EXERCISE DIRECTIONS –
Nothing outside the stretch is wanted. Repeat exactly the lines of the listing below from the one that contains "For this Living" through the one that contains "Bir limonu güzelce", both ends included.

SUPPLIED RECORDS –
———
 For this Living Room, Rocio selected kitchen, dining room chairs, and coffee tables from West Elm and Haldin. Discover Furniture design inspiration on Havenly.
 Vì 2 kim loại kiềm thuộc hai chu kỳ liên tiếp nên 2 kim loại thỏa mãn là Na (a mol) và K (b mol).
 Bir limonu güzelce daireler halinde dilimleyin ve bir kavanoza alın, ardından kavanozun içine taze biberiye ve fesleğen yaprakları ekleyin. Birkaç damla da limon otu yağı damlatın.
———
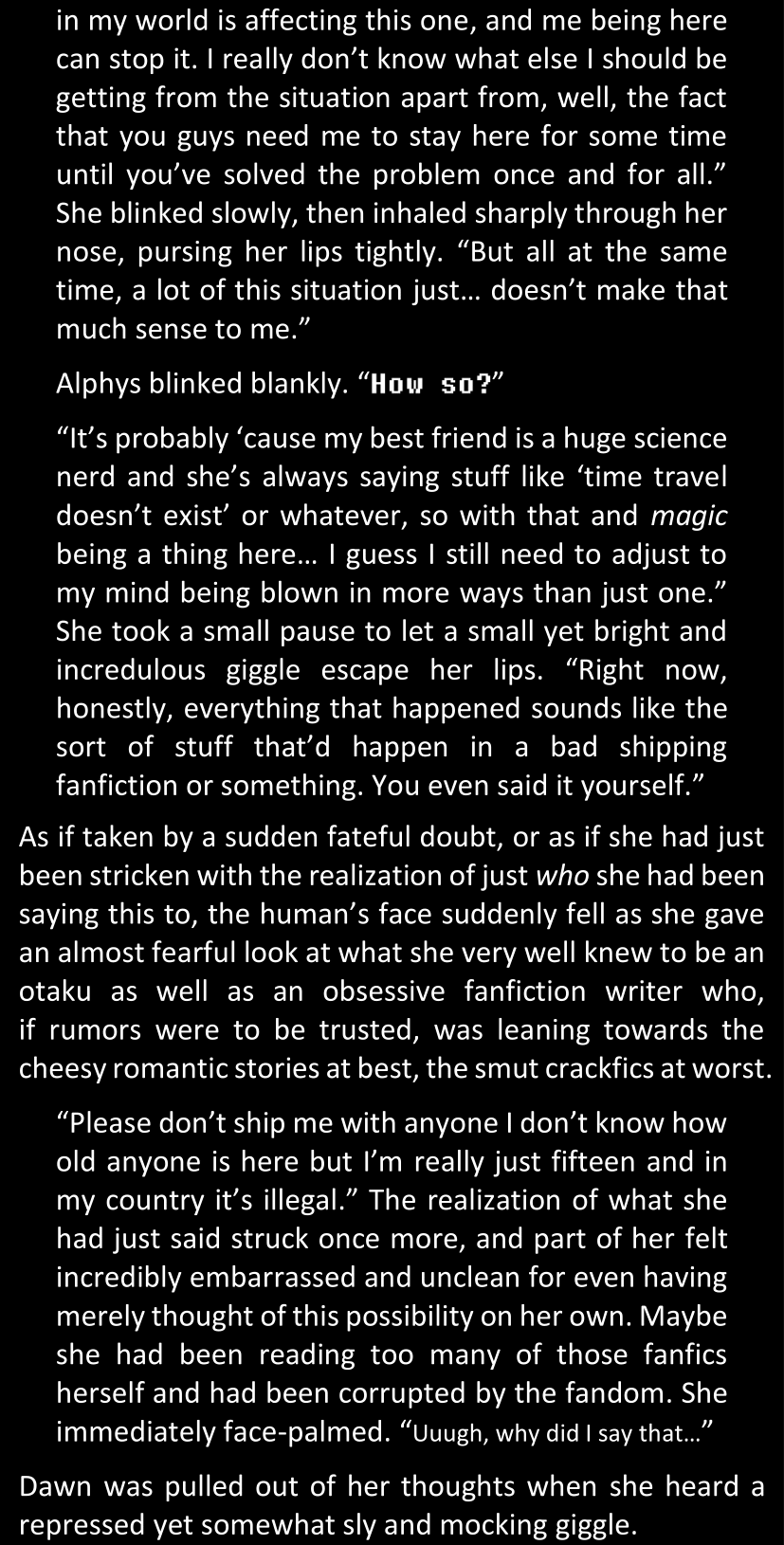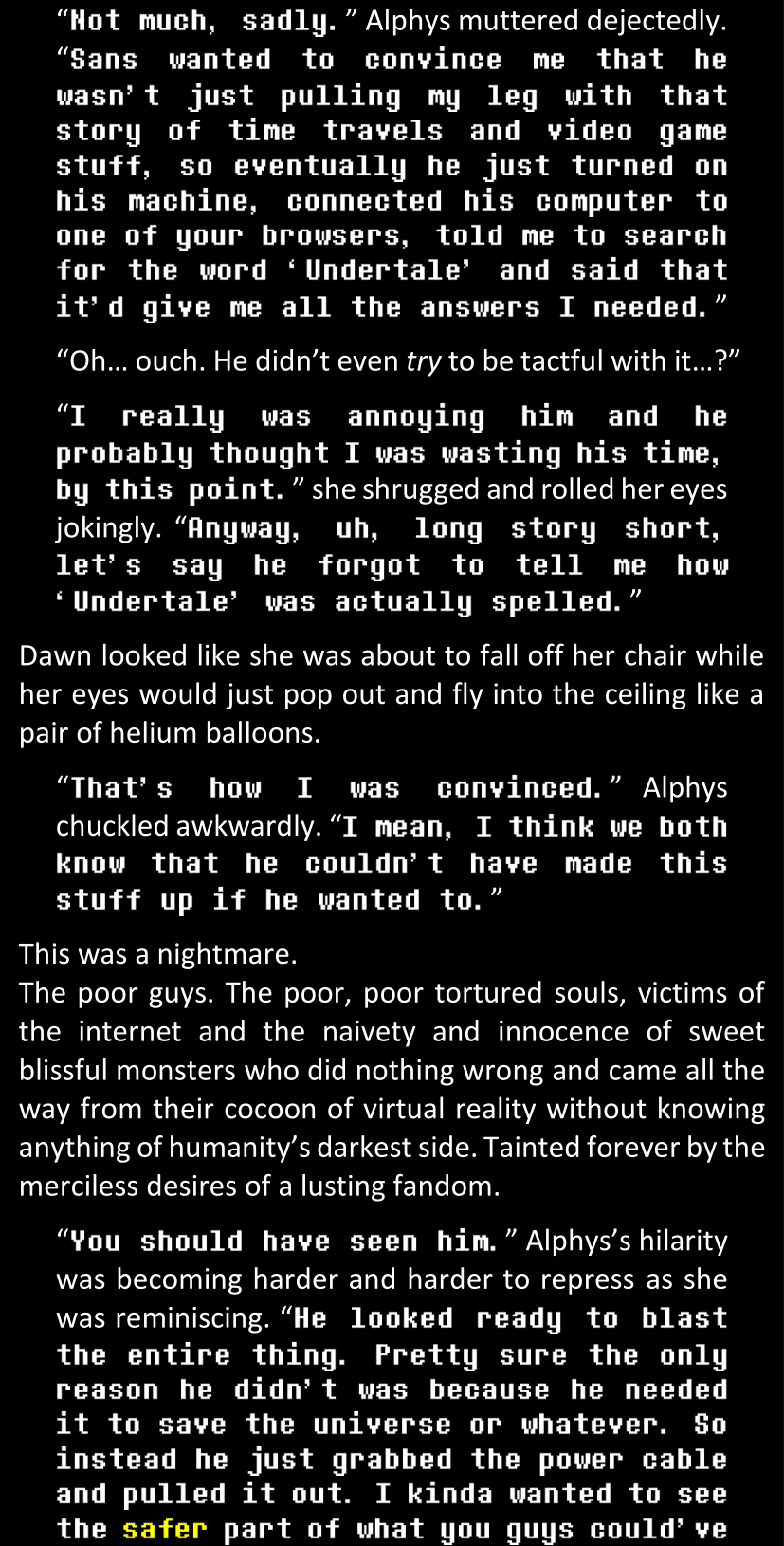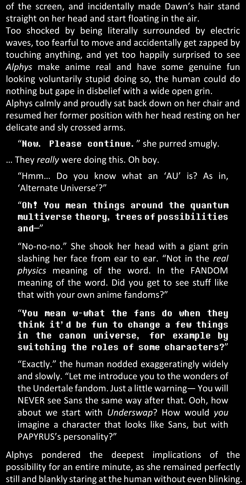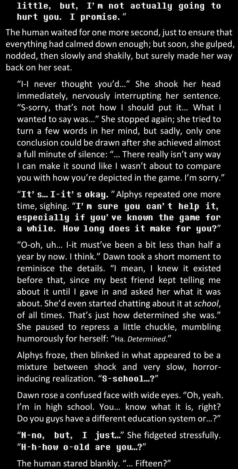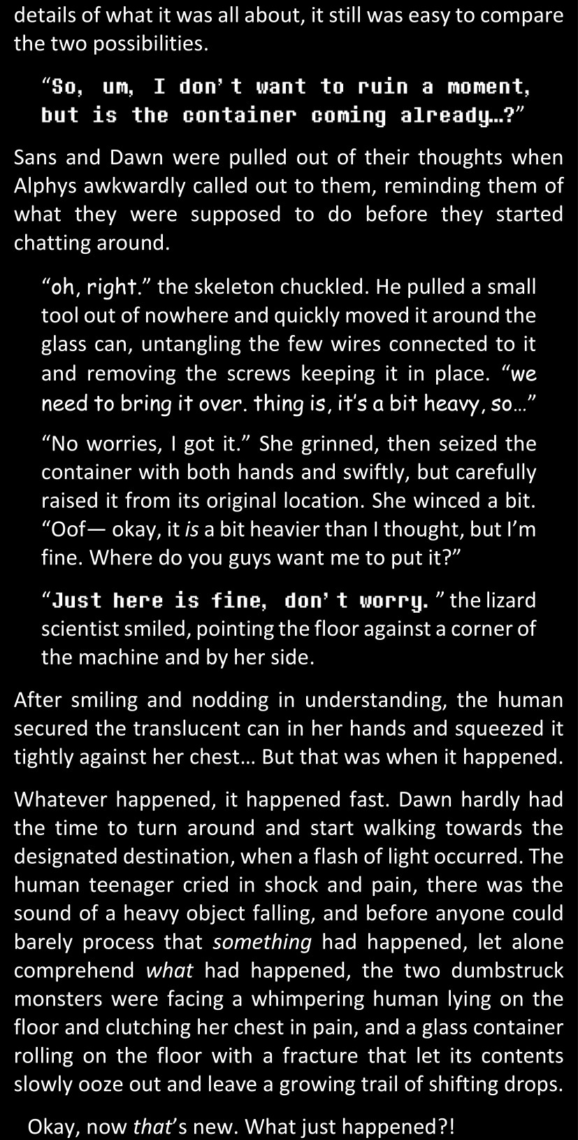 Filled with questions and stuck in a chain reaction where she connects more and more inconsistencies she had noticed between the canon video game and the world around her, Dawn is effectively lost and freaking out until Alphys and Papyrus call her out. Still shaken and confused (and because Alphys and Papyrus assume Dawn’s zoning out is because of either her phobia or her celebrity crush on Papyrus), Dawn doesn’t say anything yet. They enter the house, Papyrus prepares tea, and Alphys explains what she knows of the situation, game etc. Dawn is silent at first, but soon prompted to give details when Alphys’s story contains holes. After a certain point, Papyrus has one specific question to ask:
———
OUTPUT FOR THIS EXERCISE –
 For this Living Room, Rocio selected kitchen, dining room chairs, and coffee tables from West Elm and Haldin. Discover Furniture design inspiration on Havenly.
 Vì 2 kim loại kiềm thuộc hai chu kỳ liên tiếp nên 2 kim loại thỏa mãn là Na (a mol) và K (b mol).
 Bir limonu güzelce daireler halinde dilimleyin ve bir kavanoza alın, ardından kavanozun içine taze biberiye ve fesleğen yaprakları ekleyin. Birkaç damla da limon otu yağı damlatın.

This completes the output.